How to test if the effects of two covariates are statistically different?

Question

I'm trying to model eating behavior with this model: $y=\beta_0+\beta_1x_1+\beta_2x_2+\beta_3x_3+\beta_4x_4+ϵ$

where y is BMI and the parameters are various characteristics of the food/drink a person orders.

Drink size is represented by $\beta_1$ and $\beta_2$ like so:

• $\beta_1$ can take two values: 1 for large and 0 for not large.
• $\beta_2$ can also take two values: 1 for medium and 0 for not medium.
• If both $\beta_1$ and $\beta_2$ are 0, this represents small.

How do I test if the influence of small drinks on BMI is the same as the influence of large drinks? I would usually proceed like so (the betas do not correspond with the one in the model above):

$H_0: \beta_{small} = \beta_{large} \\ H_A: \beta_{small} \ne \beta_{large}$

but the thing is, small drinks are not directly represented in any parameter.

Answer 1

You may need to think about what you mean by asking if "influence of small drinks on BMI is the same as the influence of large drinks?"

For a non-binary nominal variable, the "influence" of being in a certain category always has to be defined in comparison to some other category. My assumption is that what you really want to know is if people who drink large drinks have a significantly higher BMI than people who drink small drinks. If that's correct then $\beta_1$ already tells you exactly what you need to know!

Whenever you split a nominal categorical variable into dummies, as you did, the coefficients for each dummy variable tell you the "effect" of being in that category as opposed to the "reference category" - the category that you omitted from the list of dummies. Here you omitted "small" which means that

$\beta_1$ tells you the effect of being large as opposed to small

$\beta_2$ tells you the effect of being medium as opposed to small

The one thing this model doesn't tell you is if there is a significant effect for being medium as opposed to large. To test that you would need to run a different model with a different reference category (e.g. including dummies for medium and small)

Answer 2

yes, for small, medium and large it is best to use a "dummy variable" to contain all three possibilities.

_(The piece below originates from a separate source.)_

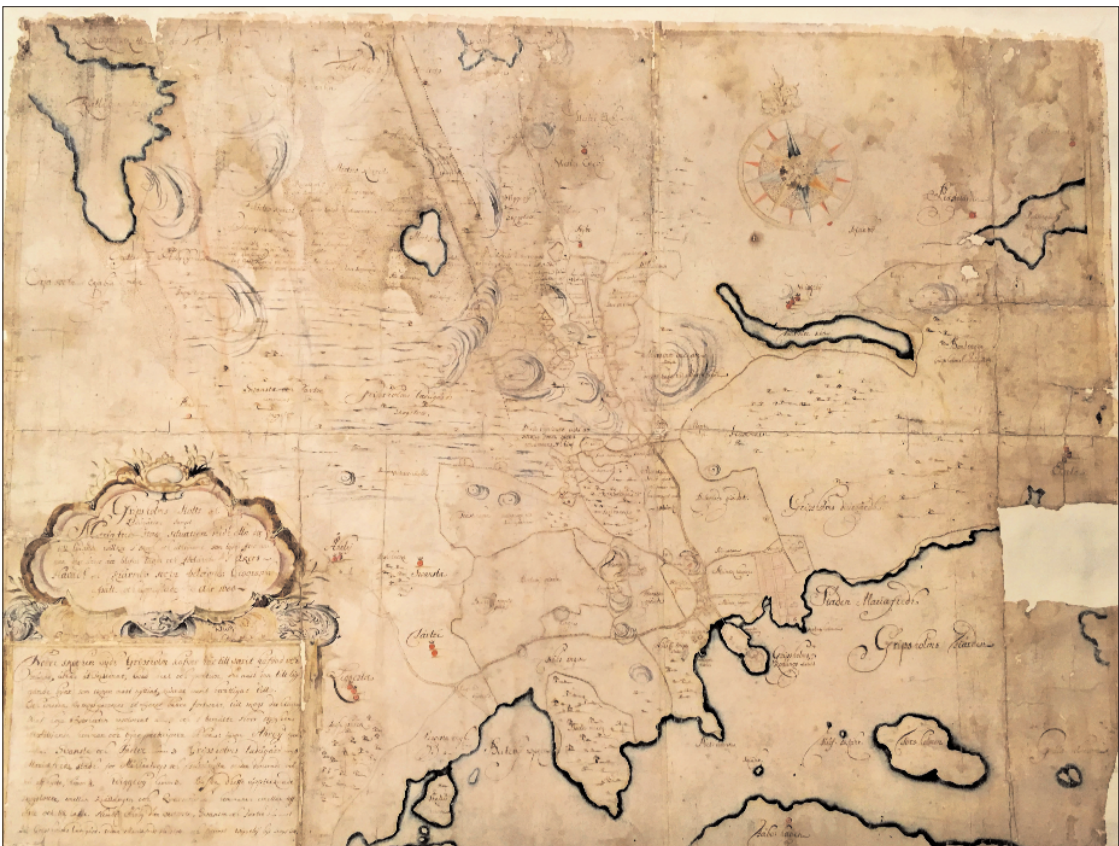
1688 års karta.

R will hold one of them as the "standard" and parameter equal to 0 so you would only get output for the other two. If using Excel, you need to hold one of the three out. It does not matter which you choose, but you might choose the one you want to use as the baseline to hold out. -rh

Answer 3

A better approach is to test a specific contrast. You shouldn’t have to refit a model to ask a specific question, using different indicator variable coding. And note that BMI being a ratio probably needs to be logged. Here is an example using the R rms package.

require(rms). # or library()
dd <- datadist(mydata); options(datadist=‘dd’). # for plotting
f <- ols(log(bmi) ~ size + otther, data=mydata)
# Compare mean log BMI for small vs. large drink
contrast(f, list(size=‘small’), list(size=‘large’))

Note: Testing to see if things are “statistical different” is often not a great goal. Think of compatibility (confidence) intervals instead, or better use Bayesian thinking.